Section 2: Encounter

Michael McGriff

Michael McGriff
Meditation at Point Lobo Substation
It’s not enough to be loved.
Sometimes it takes
the hydraulic voice
of a Swainson’s thrush
on the far end
of the tunnel its song bores
through the underbrush.
Sometimes it requires
a sack of antlers
to rip open
on a snag
and rain down
through the trees.
Dark Field
As for the blue flame
of my dream
and the long shadows
that crowd the barn at dusk
in the living world
both are the headwaters of the other
and in both the owls
are the white masts
of white ships
they roost
in the alders
they ornament
the landscape
like thoughts
hung out to dry
they nestle
a treecrook deep
or slump in place
their heads
make slow orbits
around their voices
of smoke
it’s obvious now
that an owl in a dream
and an owl at dusk
are each a nautical instrument
kept in a drawer
when I open it
by its loose glass nob
I hear the gray wing
of my mother’s breath
navigate the stars
as she irons
her linen napkins
in a room whose light
dances off the hutch
in the past tense
the air around us
my mother and I
could be a Swedish novel
titled The Dark Lantern
in which the engine
of an owl
is driven by empty
wooden spools
and sideways looks
an owl hisses
in my dream
shifting one foot
to the other
like a sailor
come to port
it whistles back
from the dusklight
as the barn door
slides on its rollers
iron ore pumps
through its wings
it flashes forth
like the night’s pickpocket
its eye afloat
in a suspension
of gypsum and ash
if you see an owl
before it sees you
then your name
enters into a ledger
whose purpose
is also the purpose
of the blue flame burning
toward the dark field
of its wick.
Michael McGriff is an author, editor, and translator.

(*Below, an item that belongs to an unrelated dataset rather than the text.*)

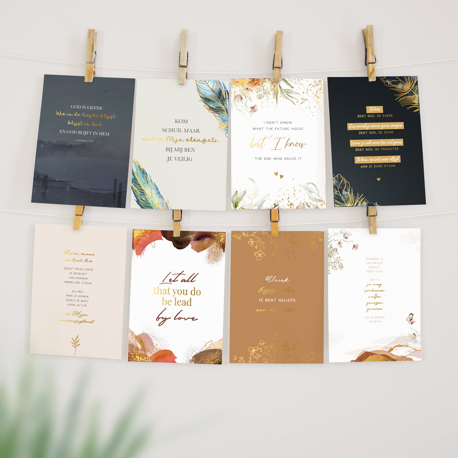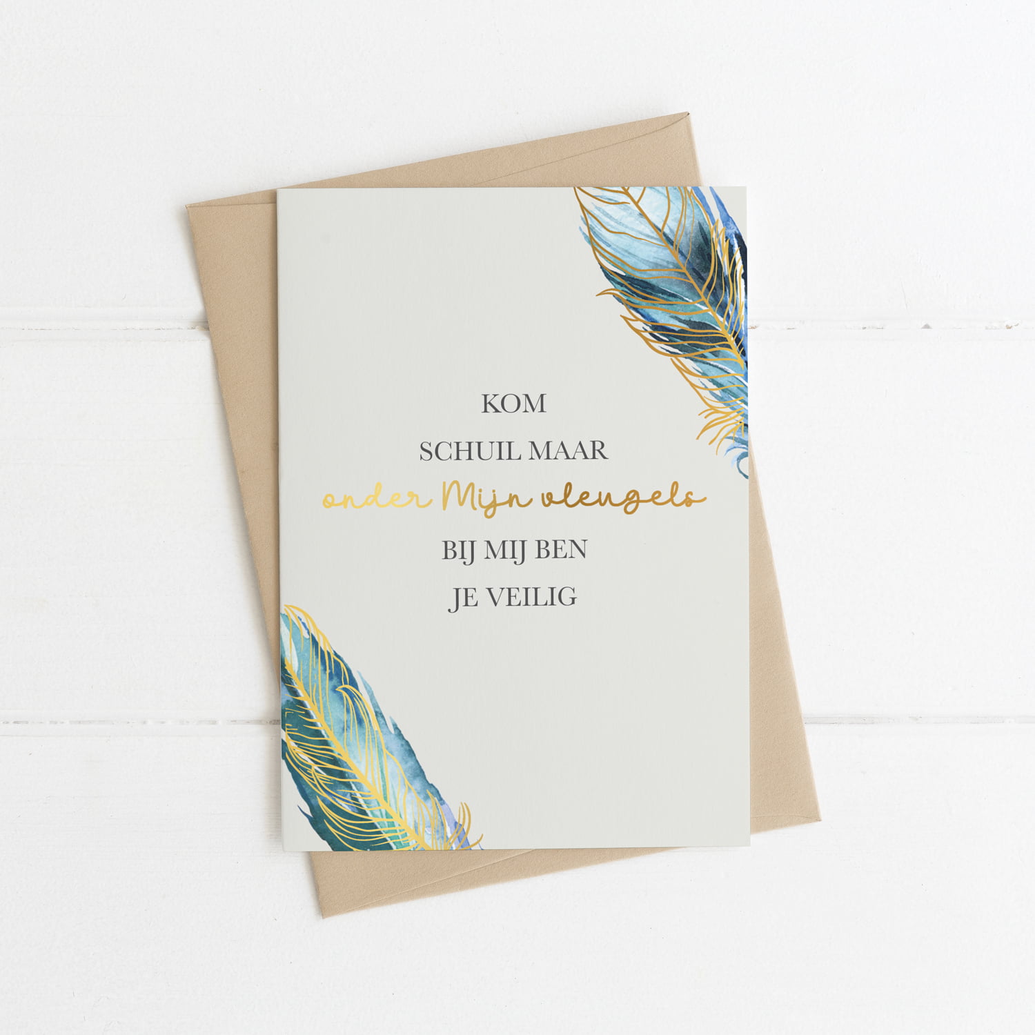De kaarten zijn gedrukt op stevig gestreken papier, afgewerkt met een prachtig opdikkend gouden folie laagje wat een luxe uitstraling geeft aan de kaart.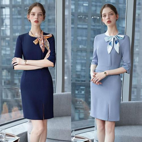 [교복몰]오피스 리셉션 패턴 스카프 슬림핏 H라인 원피스

He was born and raised in Coos Bay, Oregon, and attended the University of Oregon, The Michener Center for Writers, and Stanford University. He is the co-author, with J. M. Tyree, of the linked story collection Our Secret Life in the Movies, which was selected as one of NPR’s Best Books of 2014. His poetry collections include Home Burial, a New York Times Book Review Editors’ Choice selection, Dismantling the Hills, and a forthcoming volume, Early Hour. He is the translator of Nobel laureate Tomas Traströmer’s The Sorrow Gondola and is the editor of a volume of David Wevill’s essential writing, To Build My Shadow a Fire. He is a former Stegner Fellow and Jones Lecturer at Stanford University, and his work has been honored with a Lannan Literary Fellowship, a Ruth Lilly Fellowship, and a grant from the National Endowment for the Arts. His writing has appeared in The New York Times, Poetry, The Believer, Tin House, American Poetry Review, and on NPR’s Weekend Edition Sunday and PBS NewsHour. He is as an assistant professor of poetry in the English Department at the University of Idaho.